Ketiga rekor yang dianugerahkan kepada MK adalah sidang peradilan nonstop terlama, sidang peradilan dengan berkas peradilan terbanyak, serta proses persidangan paling transparan.
Sekretaris Jenderal Mahkamah Konstitusi M Guntur Hamzah mewakili MK dalam menerima anugerah tersebut, didampingi oleh panitera MK Muhidindan Kepala Biro Hukum dan Administrasi Kepaniteraan Wiryanto.
Anwar mengatakan rekor tersebut menjadi penting dan menarik di tengah stigma adanya lorong gelap di lembaga penegakan hukum dan peradilan, akibat proses yang menurut beberapa pihak cenderung tertutup.
"Dengan demikian rekor ini, semakin meneguhkan MK, untuk tetap mewujudkan peradilan yang bersih, modern, dan transparan, dalam mempertahankan kinerja dan integritas yang tinggi," katanya.
Terkait dengan rekor sidang peradilan nonstop terlama, Anwar menyebut undang-undang memang menuntut MK untuk melakukan persidangan yang sesuai dengan sifat peradilan pemilu yaitu peradilan cepat yang hanya memberi waktu 14 hari kerja untuk memeriksa serta memutus perkara pemilihan presiden dan wakil presiden.
Sedangkan untuk rekor berkas peradilan paling banyak, Anwar menilai hal tersebut memang sangat layak karena perkara pilpres meskipun hanya terdapat satu nomor perkara, namun wilayah hukumnya meliputi seluruh Indonesia.
"Namun, berapapun jumlah berkas yang diajukan oleh para pihak menjadi kewajiban MK untuk meneliti dan mempertimbangkannya.
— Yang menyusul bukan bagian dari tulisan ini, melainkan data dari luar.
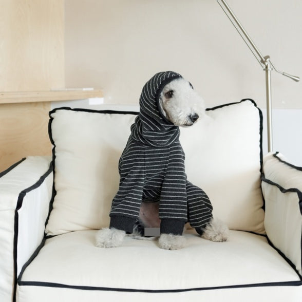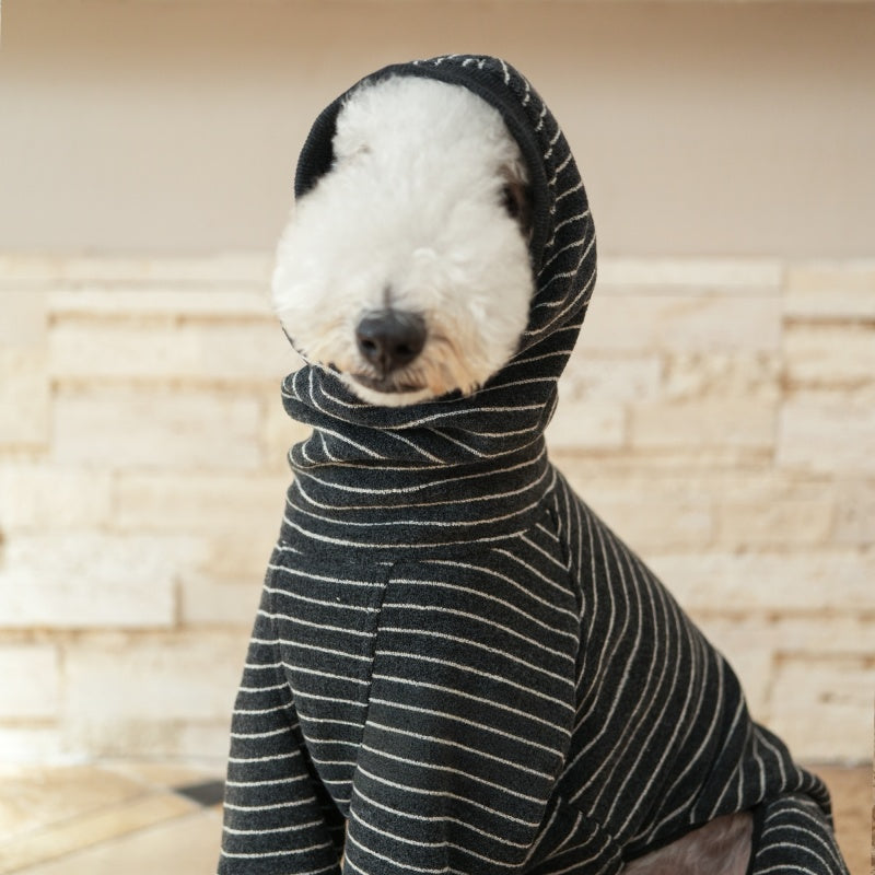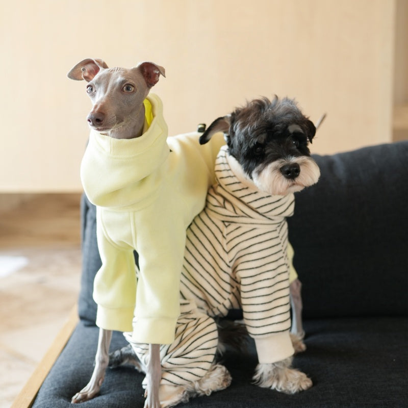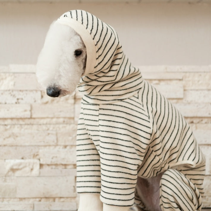 Designed specifically for slender breeds like Greyhounds, Whippets, and Bedlington Terriers, this Warm Terry Knit Hoodie Four-Leg Dog Onesie offers comprehensive warmth and protection. Crafted from soft terry knit fabric, it provides excellent insulation without sacrificing flexibility. The full four-leg coverage ensures your dog stays cozy during colder seasons while maintaining ease of movement. Perfect for dogs with fine coats, this onesie balances comfort and functionality, helping to keep your pet warm and comfortable outdoors or indoors.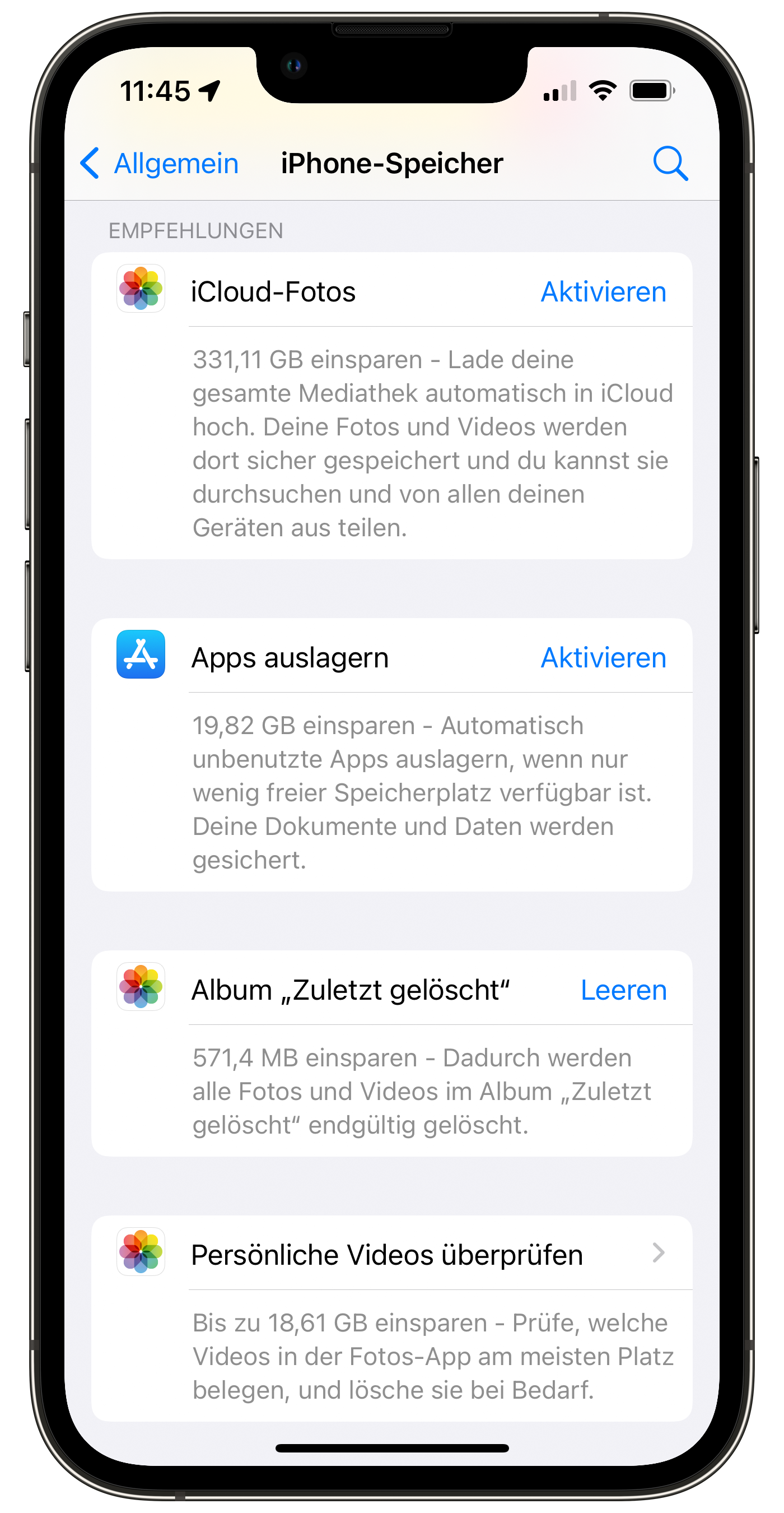 Welche Dateien oder Apps belegen besonders viel Speicherplatz? Werfen Sie zuerst einen Blick in den Bereich „iPhone-Speicher“ beziehungsweise „iPad-Speicher“ der Einstellungen unter „Allgemein“. Tippen Sie – sofern vorhanden – auf „Alle anzeigen“, um die Empfehlungen des Systems einzusehen. Welche iOS beziehungsweise iPadOS anzeigt, hängt von der Speicherbelegung auf Ihrem Gerät ab. Manche davon könnten für Sie sinnvoll sein, andere wiederum nicht. Der Vorschlag „iCloud-Fotos aktivieren“ dürfte Ihr Speicherproblem in die Cloud verschieben oder Abozahlungen zur Folge haben. Starten Sie lieber bei anderen Empfehlungen: „Album ‚Zuletzt gelöscht‘“ können Sie gleich antippen. Hierbei leert iOS den Papierkorb der Fotos-App, der gelöschte Bilder rund vier Wochen aufhebt.

Terlepas dari apapun isi putusannya, pasti ada yang puas dan ada yang tidak puas," kata Anwar.
Menurut Anwar, hal yang tidak mungkin bagi sebuah lembaga peradilan termasuk MK untuk menjatuhkan putusan yang bisa memuaskan semua pihak.
"Hal ini mengingat setiap pihak memiliki kepentingan, maka penilaian masing-masing pihak terhadap suatu putusan, akan terpengaruh dengan kepentingannya," ujar Anwar.